Невероятно, но факт: спустя без малого год после мнимой кончины Владимир Вольфович пригласил нашего корреспондента к себе в Ашдод
Борух ЦУКЕРБАХЕР
Обычная восьмиэтажка в ашдодском районе Юд-Гимель. На почтовом ящике и возле интеркома – аккуратно выведенная надпись "Зеэв Эйдельштейн". Нажимаю кнопку – и слышу знакомый голос:
— Да-да, бокер тов, вы пришли? Заходите. Пятый этаж, квартира восемнадцать. Жду.
Поднимаюсь в лифте. Хозяин уже стоит у порога в домашних тапочках и зеленой майке Национального фонда Израиля (Керен кайемет ле-Исраэль, ККЛ). Он приветственно машет рукой.
— Владимир Вольфович, неужели это правда? – я не верю своим глазам.
— Однозначно, — улыбается мой визави. – Можете ущипнуть себя за пятку и убедиться, что это не сон.
Подписывайтесь на телеграм-канал журнала "ИсраГео"!
— Но ведь 6 апреля прошлого года вы…
— Фейк, неправда. Так надо было. К этому моменту я уже неделю как находился в Израиле. Мои близкие, поняв, что московские медикусы не смогут спасти меня, при помощи людей из "Сохнута" и "Моссада" провели спецоперацию по доставке меня спецрейсом в Тель-Авив. Так что через пять дней я с семьей отмечу год со дня моей "смерти".
— Но ведь есть видеосюжеты и фотографии, на которых вы запечатлены неживым…
— Восковая копия, кукла. Она же лежит в моей могиле, по сути, кенотафе.
— В руководстве РФ знали, что хоронят куклу?
— Только самые высокопоставленные.
— В том числе…
— Да, Владимир Владимирович знал, конечно.
— А как Путин отнесся к вашей медицинской репатриации?
— Без эмоций. Только поставил условие, чтобы эта тайна была покрыта мраком и я, если выживу, хранил молчание. Как видите, я выжил.
— Но я не слышу, чтобы вы хранили молчание.
Жириновский расхохотался и хлопнул меня по плечу.
— Лично я по понятным причинам никаких документов не подписывал. Сейчас уже всецело восстановился и полон сил. Даже устроился волонтером в ККЛ, руковожу ашдодскими школьниками при посадке деревьев. В остальном – веду размеренную пенсионерскую жизнь.
— Вы поменяли фамилию?
— Скорее вернул законную, отцовскую. А вот имя меня уговорили поменять. Согласитесь, Зеэв Эйдельштейн – звучит!

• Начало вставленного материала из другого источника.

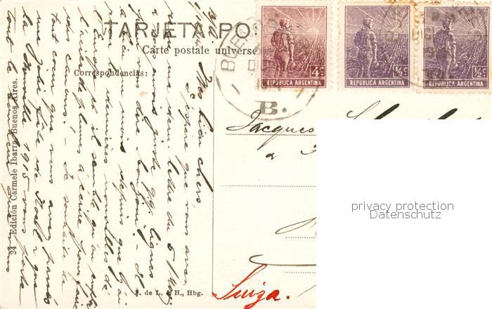 73832598 old postcard Buenos Aires Argentina Fuente Lola Mora postalisch gelaufen Erhaltung siehe scans [WerneD78] KatCode: 17020
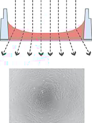 The illustration on the left shows the perturbing effect of a meniscus. Light is refracted on the air-water-interface, leading to poor contrast in microscopy. Only the small center part exhibits satisfying phase contrast.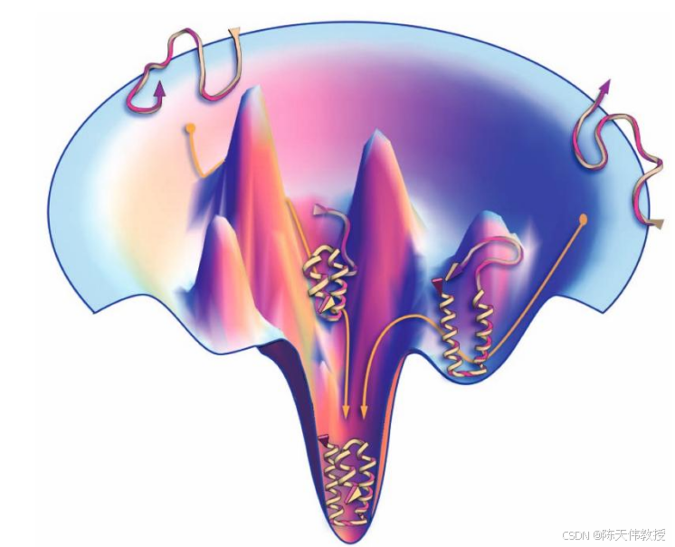 如图所示,相同的氨基酸序列可以折叠成多种不同的空间结构,这些结构对应不同的能量状态,而最低能量状态的结构便是蛋白质的"原生结构"。安芬森理论的重要性在于,它揭示了一种可能的计算方法:如果我们已知蛋白质的氨基酸序列,那么理论上就能够预测其原生结构。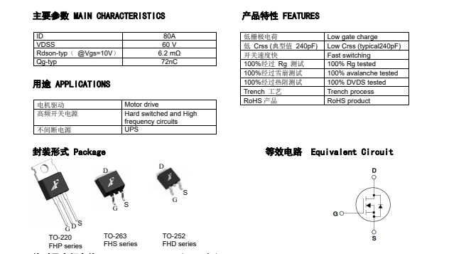 具有80A、60V的電流、電壓,RDS(on) = 6.2mΩtyp) ,最高柵源電壓@VGS =±20 V,100% EAS測試,100% Rg測試,100% DVDS熱阻測試,一致性高,高可靠性,開關速度快,低導通內阻RDS(on),低Crss。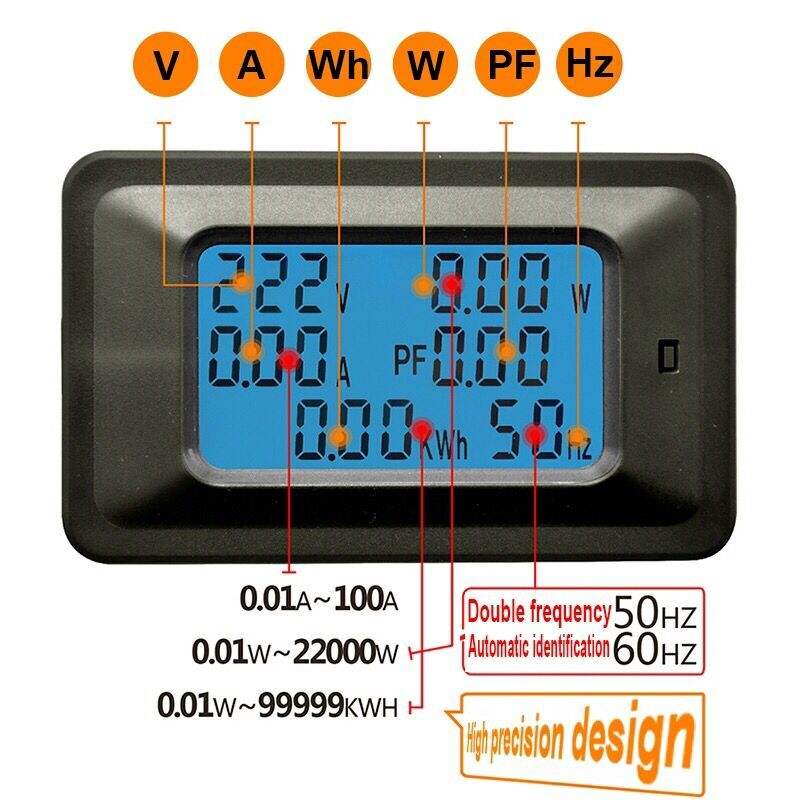 Energia LCD digitale metro WATT monitor volt, ampere, potenza, energia, HZ nel monitoraggio in tempo reale

— После возвращения к жизни вы поменяли взгляды на российскую политику?
— Да. Для меня происходящее сегодня крайне болезненно. Если бы от меня это зависело, я бы уговорил Путина не ввязываться в украинскую авантюру и не превращаться в военного преступника. Но на него влияют совсем другие люди. Которые в случае чего легко заменят его на одного из двенадцати двойников.
— Вам достоверно известно про двойников?
— Это секрет Полишинеля. Один из двойников стоял возле моего гроба, кстати.
— Вы всячески отмежевывались от своего еврейства и даже позволяли себе антисемитские высказывания…
— Ошибки молодости, повторяемые ради эффекта и в зрелые годы. К тому же не забывайте, что по Галахе я не являюсь евреем. Но память о моем отце, Вольфе Исааковиче, с годами все больше находила отзвук в моем сердце. А когда я стоял возле его могилы на холонском кладбище, словно услышал голос: "Вова, твой народ ждет тебя". После того, как я пришел в себя и начался период восстановления, понял: надо следовать отцовскому завету.
— И вот вы здесь.
— И вот я здесь.
— Не собираетесь стать действующим лицом в израильской политике?
— Годы уже не те, чтобы начинать. К тому же иврит не очень идет. Поэтому волонтерство и тихая пенсионерская жизнь – мой удел.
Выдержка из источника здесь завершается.